Tuesday, May 01, 2012

So Far, Mostly Good

I am on all these pregnancy forums such as TheBump.com, Babycenter.com and there's lots of informative and interesting reading there. It seems so far I'm lucky in that I don't have a lot of the problems that other December expectant moms are having (Dec. 2012 meaning we're all about 5-9 weeks pregnant right now). I don't have trouble eating (though I do feel myself getting pickier and pickier about what TO eat), I'm not as fatigued as a lot of them sound (though yes, I am definitely tired a lot, but then I was tired before what with my crazy schedule), I don't have chills (though I certainly am cold[er] all the time), no throwing up, no discharges, no weird back pains, my prenatal vitamins aren't making me sick, and there's more I feel lucky to not be experiencing.

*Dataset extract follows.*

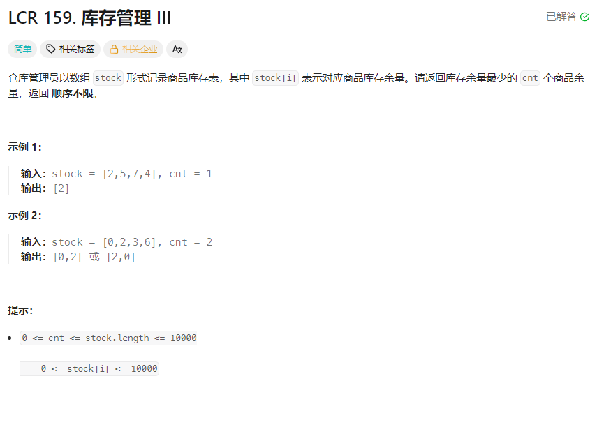 对整个数组进行升序,然后返回前 cnt 项的集合就行。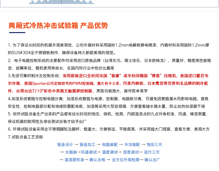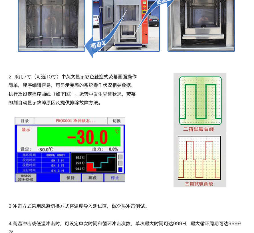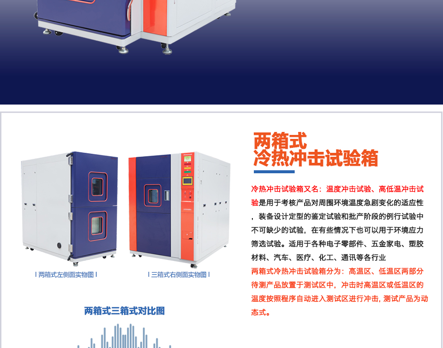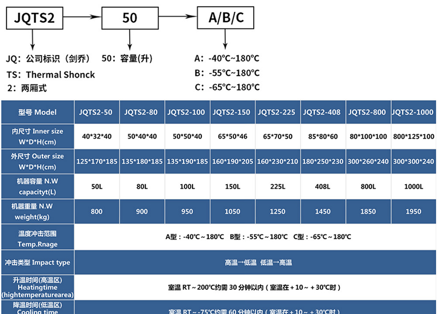 產品型號:JQTS2-408 品牌:劍 喬 用途:兩箱式冷熱沖擊試驗箱又名溫度沖擊試驗箱或高低溫沖擊試驗箱是用于考核產品對周圍環境溫度急劇變化的適應性,裝備設計定型的鑒定試驗和批產階段的例行試驗中不可缺少的

Last nite I got home from Atascocita ~8:30p, I finished off the meatloaf w/a salad and yummy garlic bread, lay down on the couch fully intending to just chill for a 1/2 hour or so before getting up to do laundry, practice, etc., but no, my body had other plans. I passed out on the couch and finally woke up around 2am to go upstairs to bed. Today I had some delicious Honey Nut Cheerios for b-fast but at lunch the only thing I could tolerate the thought of was a cheeseburger/fries. Not my fave salad, not pasta, nothing sounded good but burger/fries so I got it and it was awesome. The baby also made me buy her a brownie parfait LOL but I still haven't eaten that b/c I'm so full still.

Took a pic of my bare tummy in profile today. Reggie needs to help me with this monthly tummy foto project, which he's agreed to do. Gig tonite and I'm already tired thinking of it. I hate the smoky bars and am trying to sit as far away from smokers as possible. Thank God in heaven I get to work from home this Friday and have Thursday nite off. I've asked Reggie to go for a bike ride or walk/run w/me. I gotta keep up the exercise, it'll help me be strong in labor.